**Required work:** Take the lines below beginning at the line that has "Kit de Acessórios para Banheiro Quadrado" and stopping after the line that has "Metal Pendant Light", and print them exactly as they are, with no other lines.

**Data for this exercise:**
+ + + + + + +

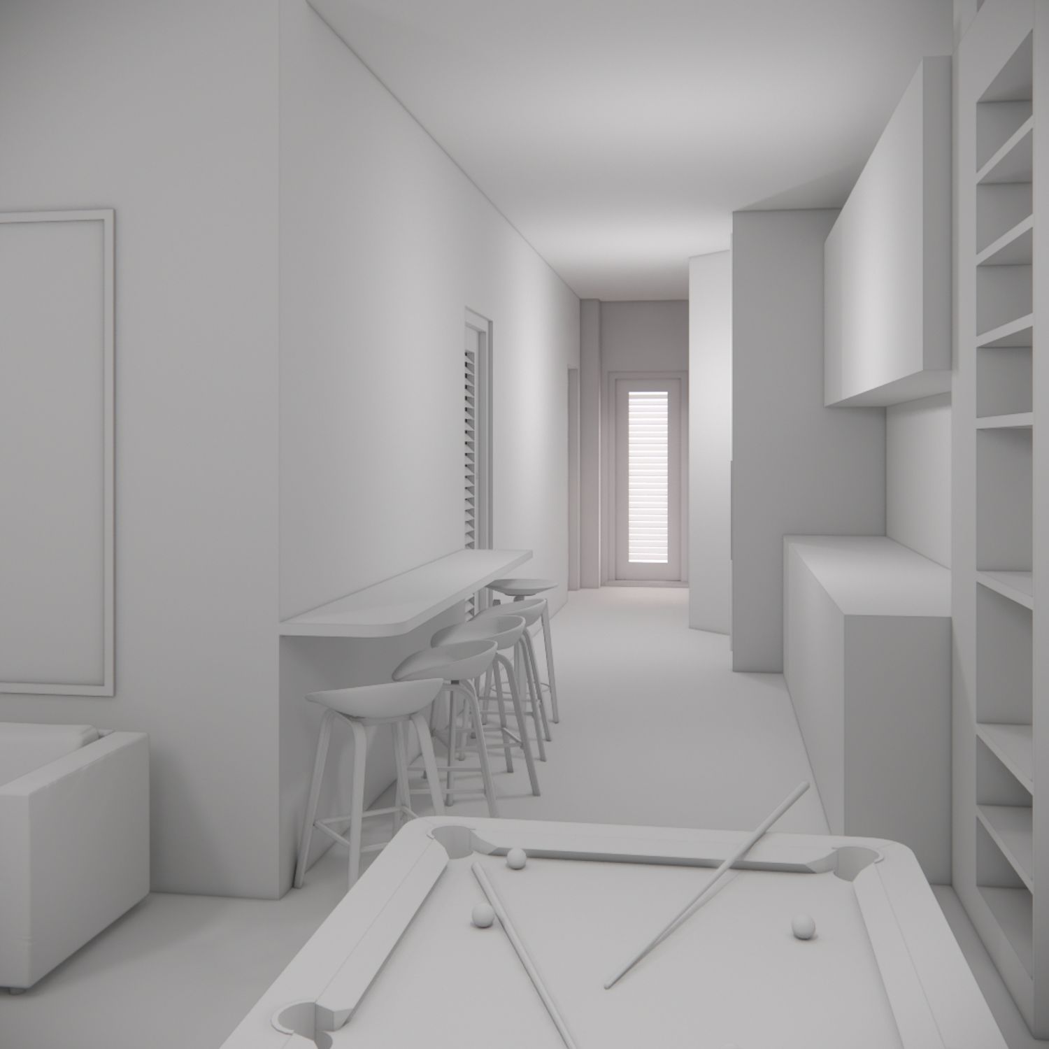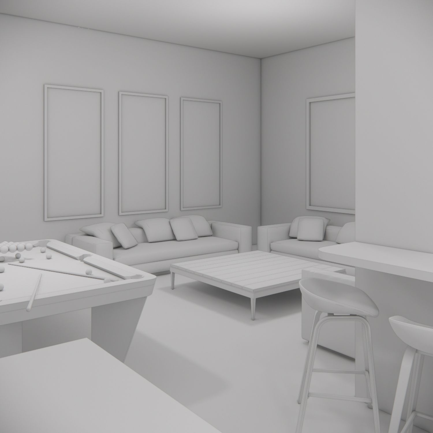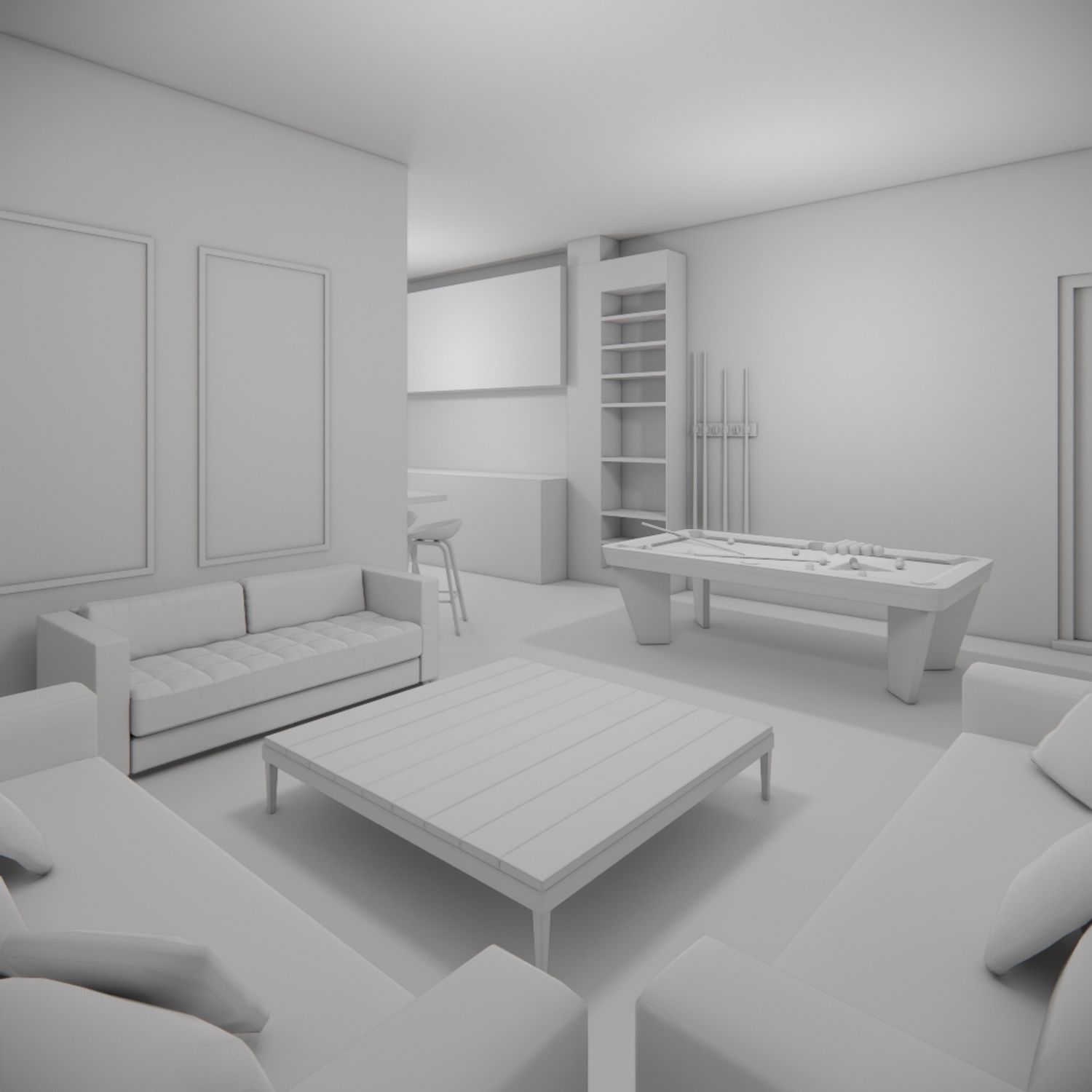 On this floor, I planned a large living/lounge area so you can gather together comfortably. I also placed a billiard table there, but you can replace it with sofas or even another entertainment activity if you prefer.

+ + + + + + +

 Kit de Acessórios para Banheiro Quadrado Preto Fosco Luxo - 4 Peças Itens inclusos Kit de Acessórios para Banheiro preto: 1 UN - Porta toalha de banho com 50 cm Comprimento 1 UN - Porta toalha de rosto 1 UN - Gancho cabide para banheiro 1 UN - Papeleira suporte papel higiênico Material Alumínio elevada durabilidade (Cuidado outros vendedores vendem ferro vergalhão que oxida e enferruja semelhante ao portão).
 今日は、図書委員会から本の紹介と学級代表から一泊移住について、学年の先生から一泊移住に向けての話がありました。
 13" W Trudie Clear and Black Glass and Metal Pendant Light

+ + + + + + +

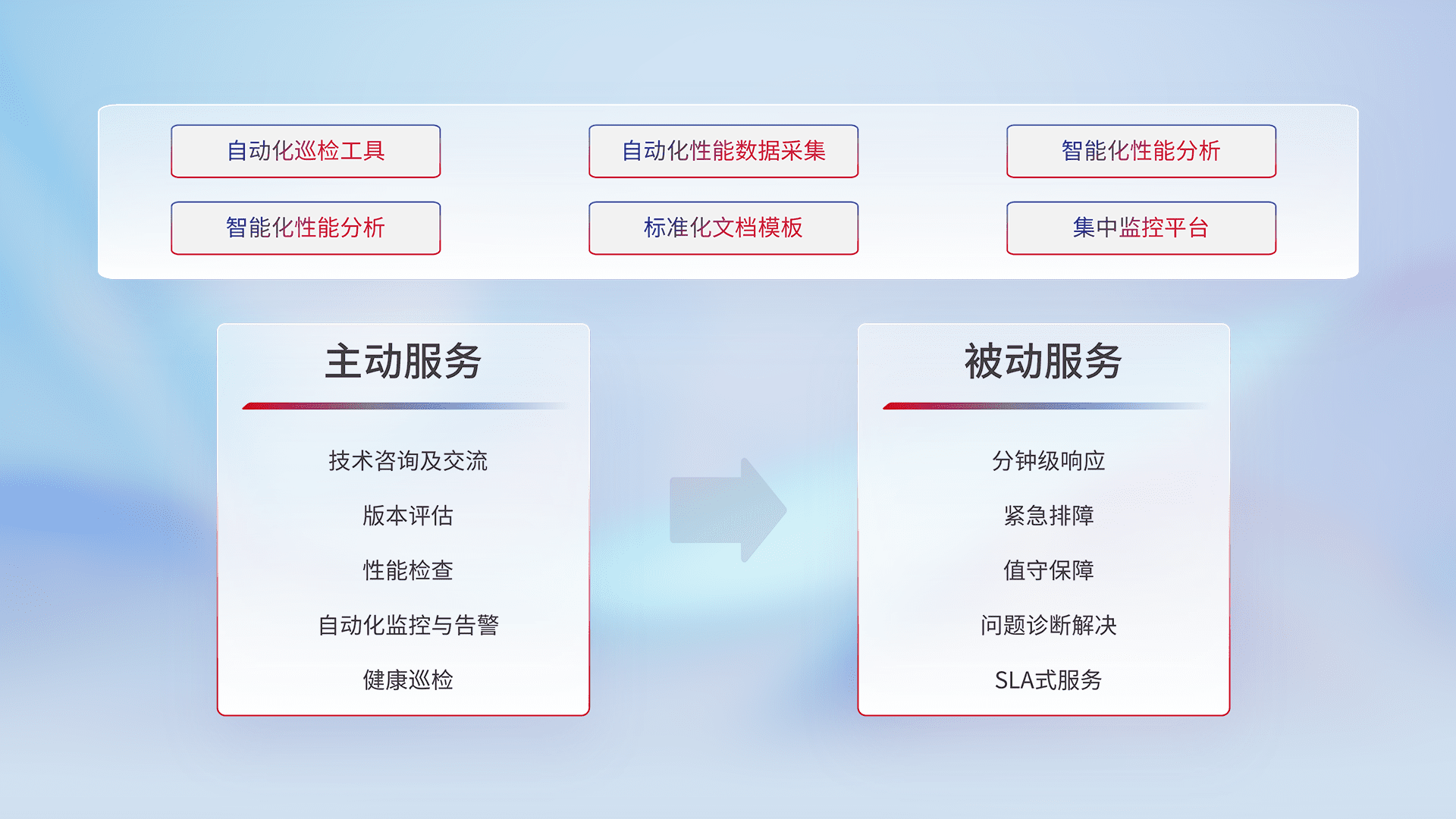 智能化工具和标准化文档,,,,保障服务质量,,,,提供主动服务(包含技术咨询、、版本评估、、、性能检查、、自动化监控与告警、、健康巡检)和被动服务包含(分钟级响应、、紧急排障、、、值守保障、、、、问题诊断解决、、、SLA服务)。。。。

+ + + + + + +

**Exercise solution:**
 Kit de Acessórios para Banheiro Quadrado Preto Fosco Luxo - 4 Peças Itens inclusos Kit de Acessórios para Banheiro preto: 1 UN - Porta toalha de banho com 50 cm Comprimento 1 UN - Porta toalha de rosto 1 UN - Gancho cabide para banheiro 1 UN - Papeleira suporte papel higiênico Material Alumínio elevada durabilidade (Cuidado outros vendedores vendem ferro vergalhão que oxida e enferruja semelhante ao portão).
 今日は、図書委員会から本の紹介と学級代表から一泊移住について、学年の先生から一泊移住に向けての話がありました。
 13" W Trudie Clear and Black Glass and Metal Pendant Light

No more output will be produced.